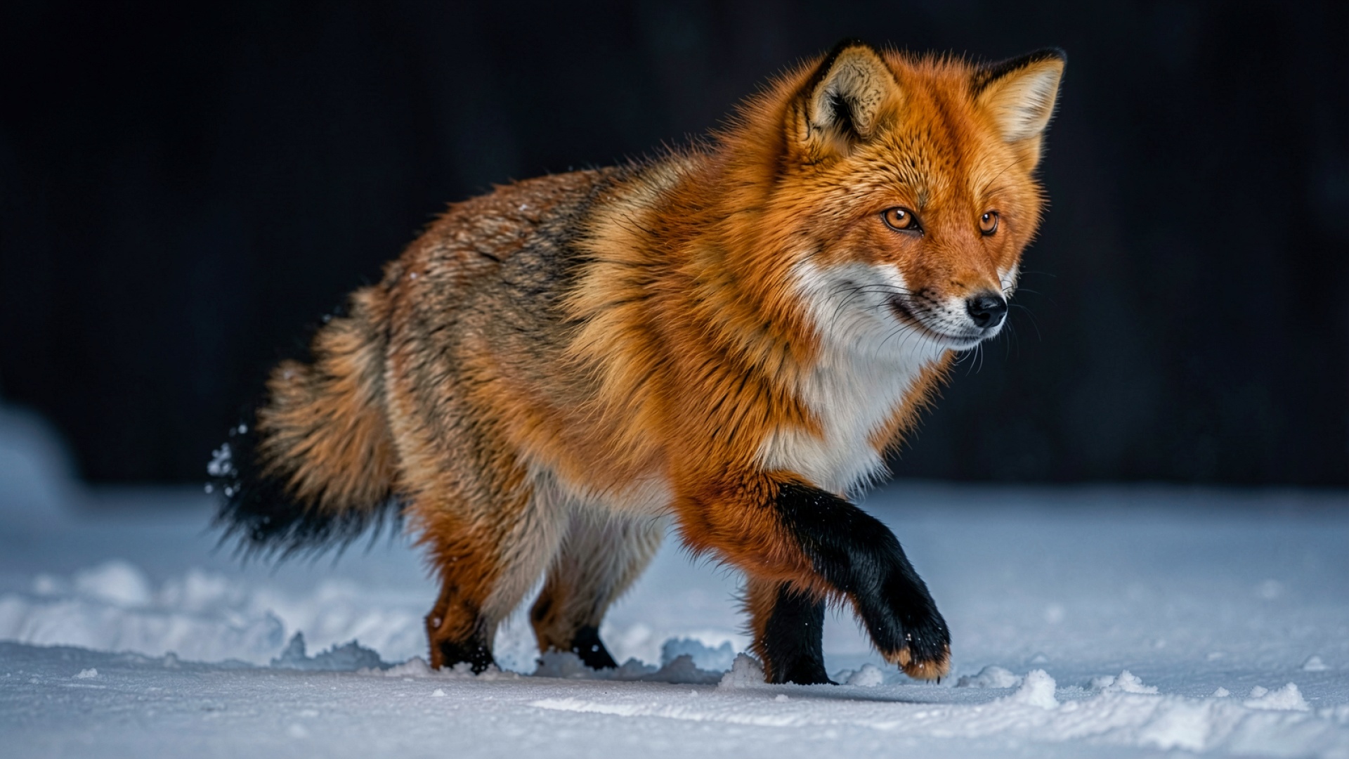 Композиция кадра построена на малом глубине резкости, что полностью изолирует объект от темного фона леса. Технические параметры изображения обеспечивают четкость каждой ворсинки шерсти и бликов в глазах. Согласно данным nationalgeographic.com, зимний мех лисиц обладает повышенной теплоизоляцией за счет плотного подшерстка, что визуально отражено в объеме фигуры на фото. Цветовая гамма базируется на комплементарных цветах: синеватых оттенках снега и теплых тонах меха, создавая сбалансированный визуальный ряд.
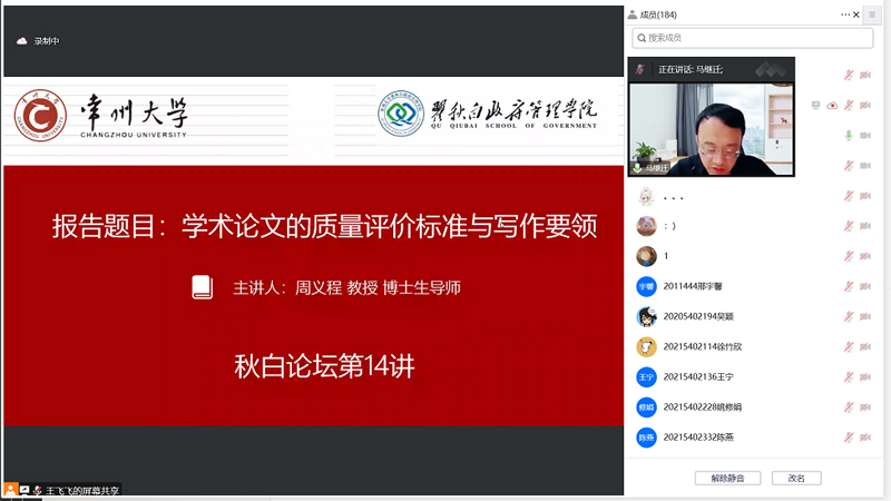 2022年10月20日晚7点,今日看料 秋白论坛第14讲通过“腾讯会议”举行。苏州大学政治与公共管理学院副院长、博士生导师周义程教授,应邀为今日看料 师生做了一场题为“学术论文的质量评价标准与写作要领”的精彩讲座。讲座由副院长马继迁教授主持,学院师生200余人聆听了讲座。
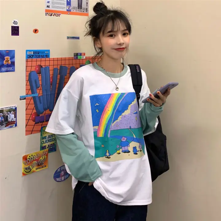 2020 College Style Loose Cute Cat Print Fake Two Piece Pullover Female Middle School Student Spring New Long Sleeved Shirt Tops Blouses Shirts Aliexpress
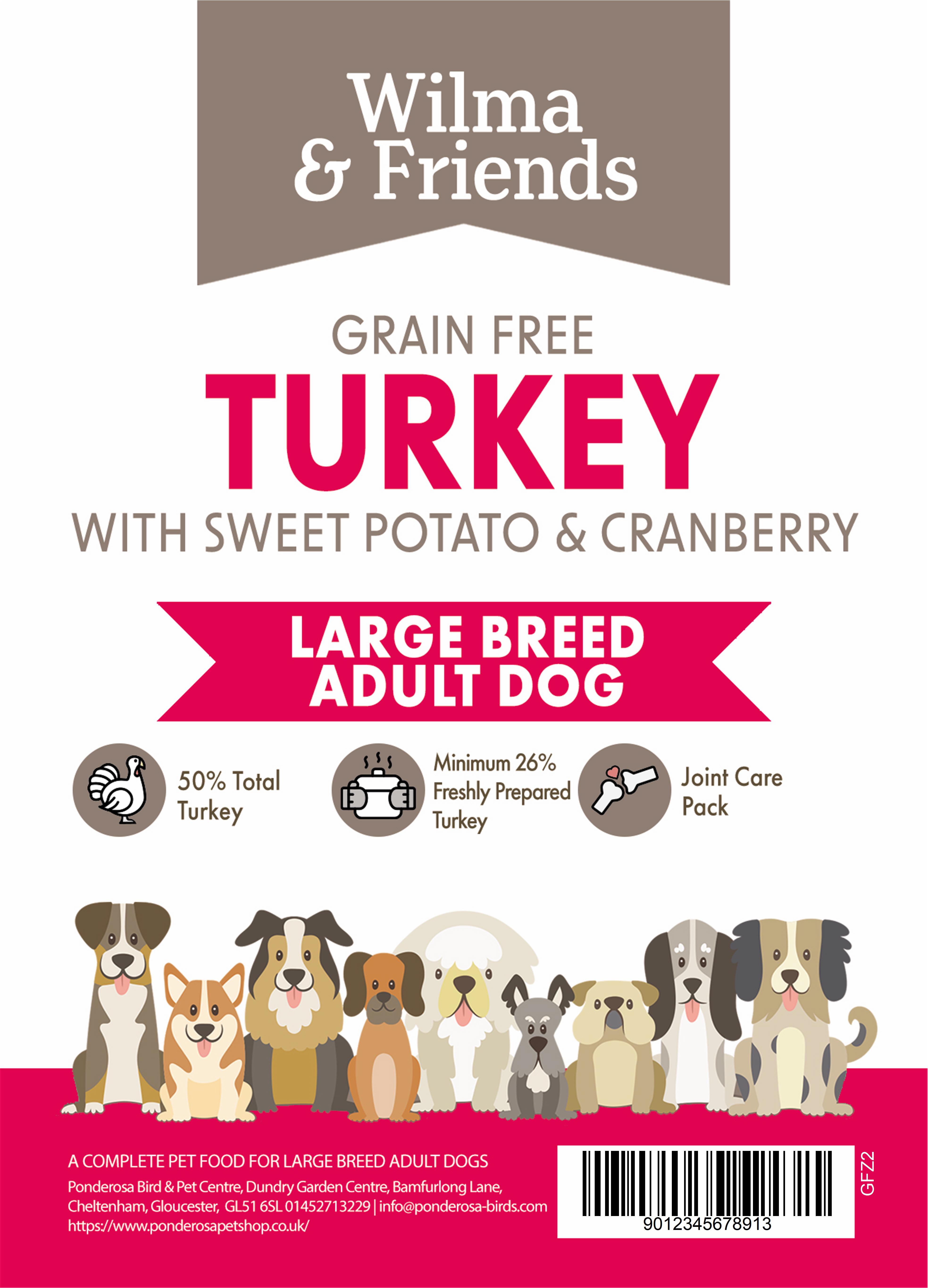 Wilma and Friends Grain Free Adult Dog Turkey with Sweet Potato and Cranberry Large Breed
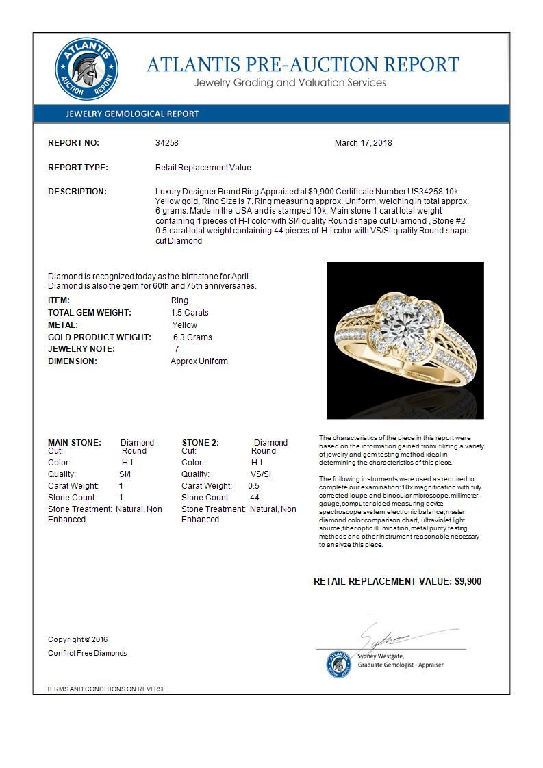 REF-180M2H -34258 ---- 1.5 CTW H-SI/I Certified Diamond Solitaire Halo Ring 10K Yellow Gold ---- Luxury Designer Brand Ring Appraised at $9,900 Certificate Number US34258 10k Yellow gold, Ring Size is 7, Ring measuring approx. Uniform, weighing in total approx. 6 grams. Made in the USA and is stamped 10k, Main stone 1 carat total weight containing 1 pieces of H-I color with SI/I quality Round shape cut Diamond , Stone #2 0.5 carat total weight containing 44 pieces of H-I color with VS/SI quality Round shape cut Diamond
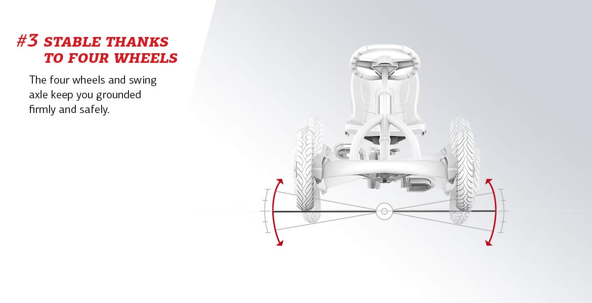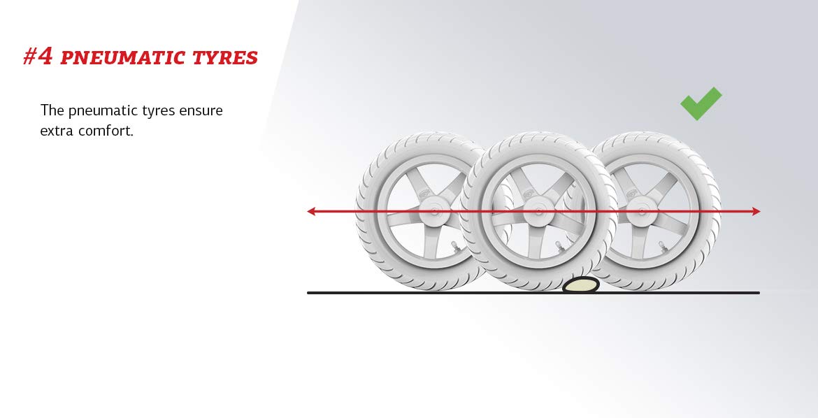 - Rápido y suave gracias a las ruedas de rodamiento de bolas con neumáticos de aire todoterreno
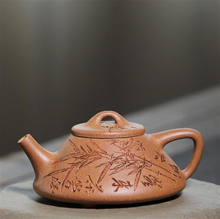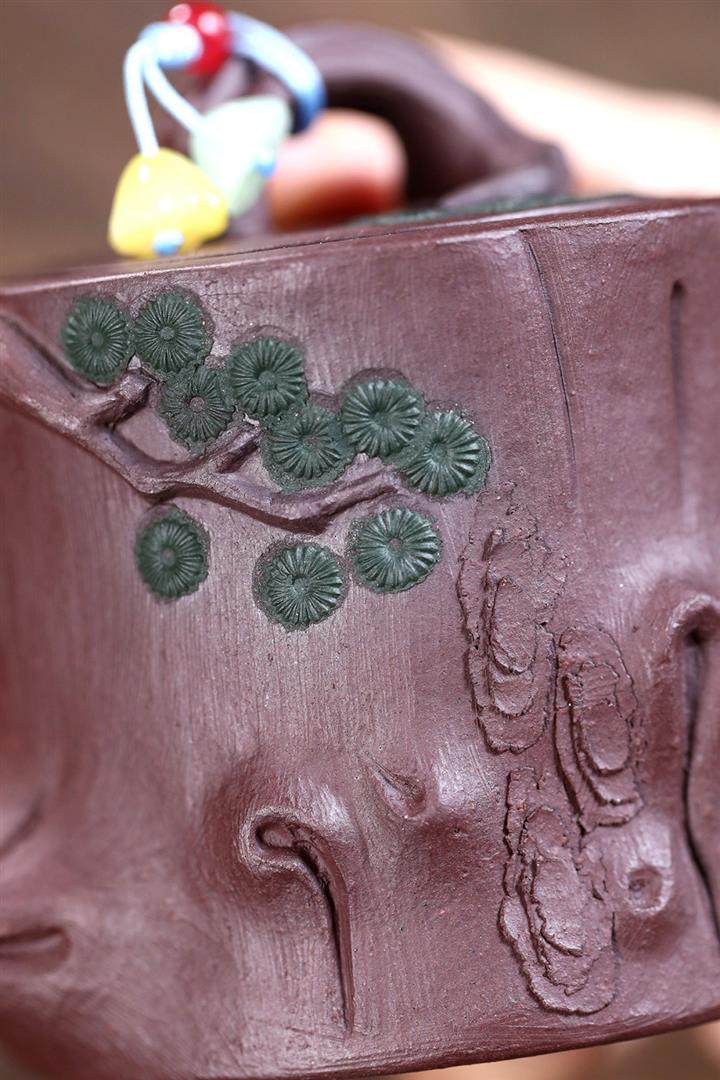 350cc原礦墨綠泥通身刻竹之清雅茶壺POT8302
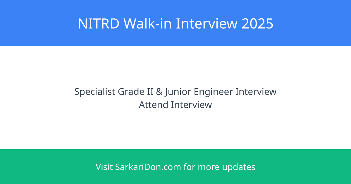 Eligible candidates should attend the walk-in interview along with their applications in the prescribed format. For more details regarding age, qualifications, terms and conditions, and to download the application form, please visit the official NITRD website.
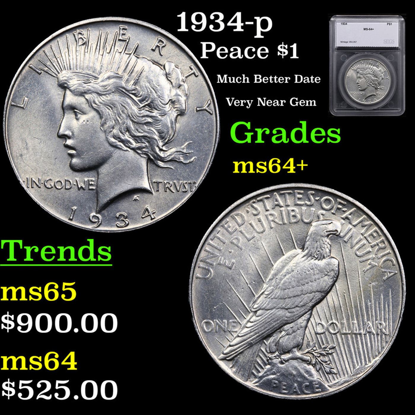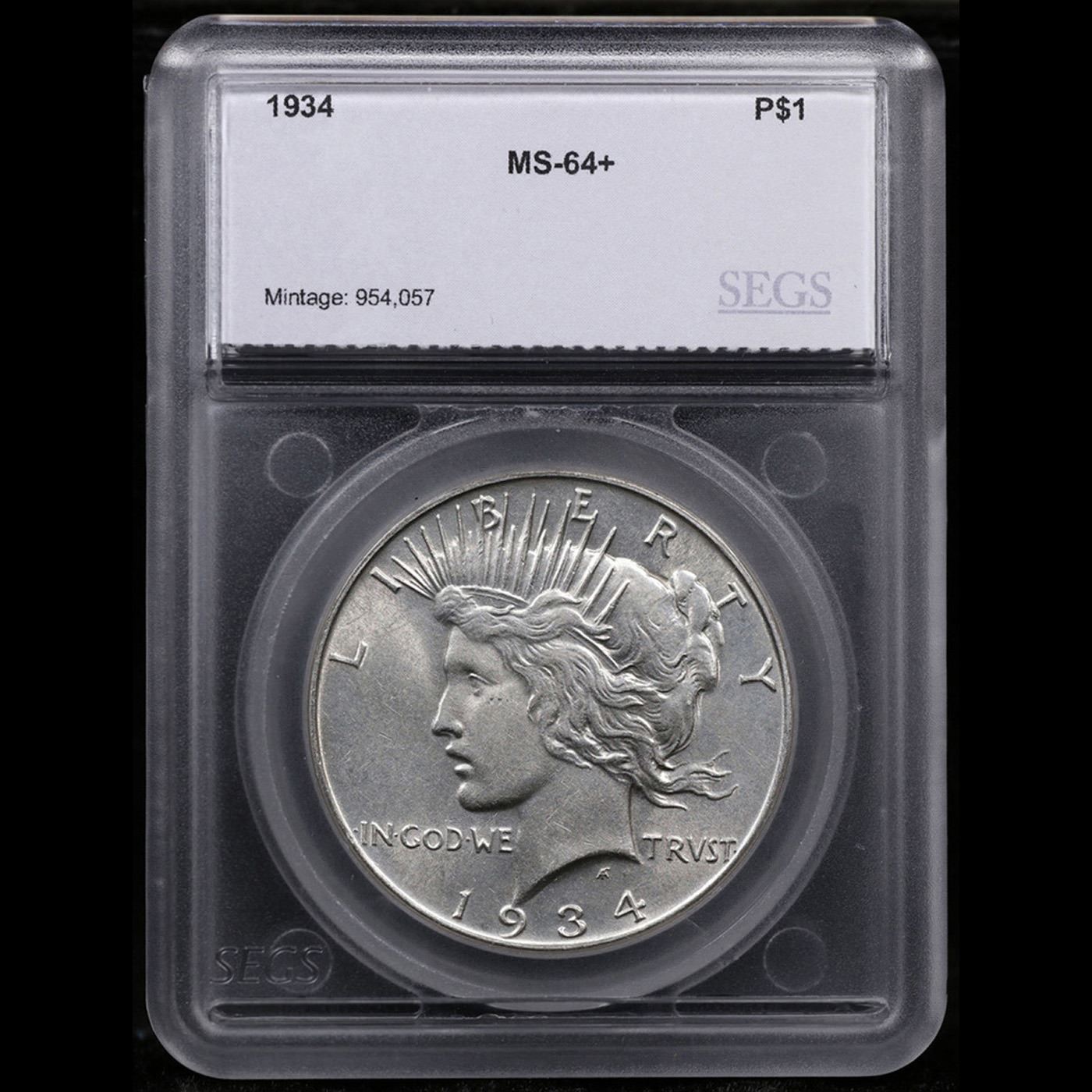 1934-p Peace Dollar $1 Graded ms64+ By SEGS.
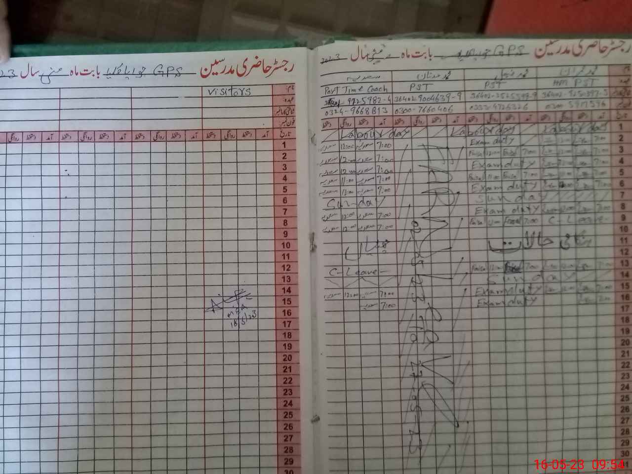 | 36**** | Mu**** Fa**** | Contract | 0 | 10 | 0 | 0 | 0 | 0 | 0 | 0 | 0 | Exam Duty | |
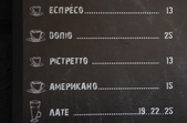 За рік кава ще трошки подорожчала: зараз середня ціна еспресо чи американо – 9-10 грн, але можна знайти й за 6-7 гривень. Напої, які варить професійний бариста, коштують дорожче. За вершки чи молоко доведеться доплатити 2-3 гривні. До речі, в кількох закладах почали використовувати «базарний прийом», вказуючи ціну з копійками, наприклад – 10 грн 99 коп за еспресо. Найбільша ціна за кавовий напій, яку ми побачили, – 43 грн за раф-каву: подвійна кава з ваніллю та спіненими вершками.
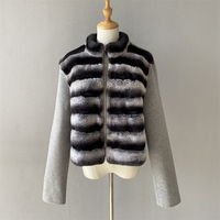 जेक्सवाचर स्टैंड कॉलर शीतकालीन प्यूफर बॉम्बर जैकेट महिलाओं के लिए क्रॉप्ड बुना हुआ ऊन कोट कस्टम लक्जरी वास्तविक रेक्स खरगोश फर कोट
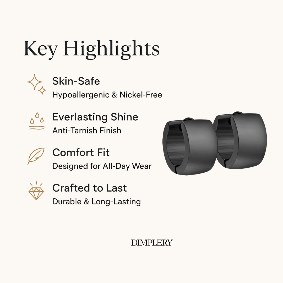 इन बकल हूप इयररिंग्स में 18 कैरेट सोने की शानदार प्लेटिंग है, जो टिकाऊपन और परिष्कृत स्टाइल का मेल है। वाटरप्रूफ, पसीने से सुरक्षित और दाग-धब्बों से मुक्त, ये लंबे समय तक चमक और आराम प्रदान करते हैं। हाइपोएलर्जेनिक और सोच-समझकर डिज़ाइन किए गए, ये सभी उम्र के पुरुषों के लिए एक आदर्श एक्सेसरी हैं जो एक परिष्कृत और कालातीत लुक चाहते हैं।

------------

_Problem statement_
In the copy, include each entry exactly as written and none of the pictures.

_Finished task_
 Композиция кадра построена на малом глубине резкости, что полностью изолирует объект от темного фона леса. Технические параметры изображения обеспечивают четкость каждой ворсинки шерсти и бликов в глазах. Согласно данным nationalgeographic.com, зимний мех лисиц обладает повышенной теплоизоляцией за счет плотного подшерстка, что визуально отражено в объеме фигуры на фото. Цветовая гамма базируется на комплементарных цветах: синеватых оттенках снега и теплых тонах меха, создавая сбалансированный визуальный ряд.
 2022年10月20日晚7点,今日看料 秋白论坛第14讲通过“腾讯会议”举行。苏州大学政治与公共管理学院副院长、博士生导师周义程教授,应邀为今日看料 师生做了一场题为“学术论文的质量评价标准与写作要领”的精彩讲座。讲座由副院长马继迁教授主持,学院师生200余人聆听了讲座。
 2020 College Style Loose Cute Cat Print Fake Two Piece Pullover Female Middle School Student Spring New Long Sleeved Shirt Tops Blouses Shirts Aliexpress
 Wilma and Friends Grain Free Adult Dog Turkey with Sweet Potato and Cranberry Large Breed
 REF-180M2H -34258 ---- 1.5 CTW H-SI/I Certified Diamond Solitaire Halo Ring 10K Yellow Gold ---- Luxury Designer Brand Ring Appraised at $9,900 Certificate Number US34258 10k Yellow gold, Ring Size is 7, Ring measuring approx. Uniform, weighing in total approx. 6 grams. Made in the USA and is stamped 10k, Main stone 1 carat total weight containing 1 pieces of H-I color with SI/I quality Round shape cut Diamond , Stone #2 0.5 carat total weight containing 44 pieces of H-I color with VS/SI quality Round shape cut Diamond
 - Rápido y suave gracias a las ruedas de rodamiento de bolas con neumáticos de aire todoterreno
 350cc原礦墨綠泥通身刻竹之清雅茶壺POT8302
 Eligible candidates should attend the walk-in interview along with their applications in the prescribed format. For more details regarding age, qualifications, terms and conditions, and to download the application form, please visit the official NITRD website.
 1934-p Peace Dollar $1 Graded ms64+ By SEGS.
 | 36**** | Mu**** Fa**** | Contract | 0 | 10 | 0 | 0 | 0 | 0 | 0 | 0 | 0 | Exam Duty | |
 За рік кава ще трошки подорожчала: зараз середня ціна еспресо чи американо – 9-10 грн, але можна знайти й за 6-7 гривень. Напої, які варить професійний бариста, коштують дорожче. За вершки чи молоко доведеться доплатити 2-3 гривні. До речі, в кількох закладах почали використовувати «базарний прийом», вказуючи ціну з копійками, наприклад – 10 грн 99 коп за еспресо. Найбільша ціна за кавовий напій, яку ми побачили, – 43 грн за раф-каву: подвійна кава з ваніллю та спіненими вершками.
 जेक्सवाचर स्टैंड कॉलर शीतकालीन प्यूफर बॉम्बर जैकेट महिलाओं के लिए क्रॉप्ड बुना हुआ ऊन कोट कस्टम लक्जरी वास्तविक रेक्स खरगोश फर कोट
 इन बकल हूप इयररिंग्स में 18 कैरेट सोने की शानदार प्लेटिंग है, जो टिकाऊपन और परिष्कृत स्टाइल का मेल है। वाटरप्रूफ, पसीने से सुरक्षित और दाग-धब्बों से मुक्त, ये लंबे समय तक चमक और आराम प्रदान करते हैं। हाइपोएलर्जेनिक और सोच-समझकर डिज़ाइन किए गए, ये सभी उम्र के पुरुषों के लिए एक आदर्श एक्सेसरी हैं जो एक परिष्कृत और कालातीत लुक चाहते हैं।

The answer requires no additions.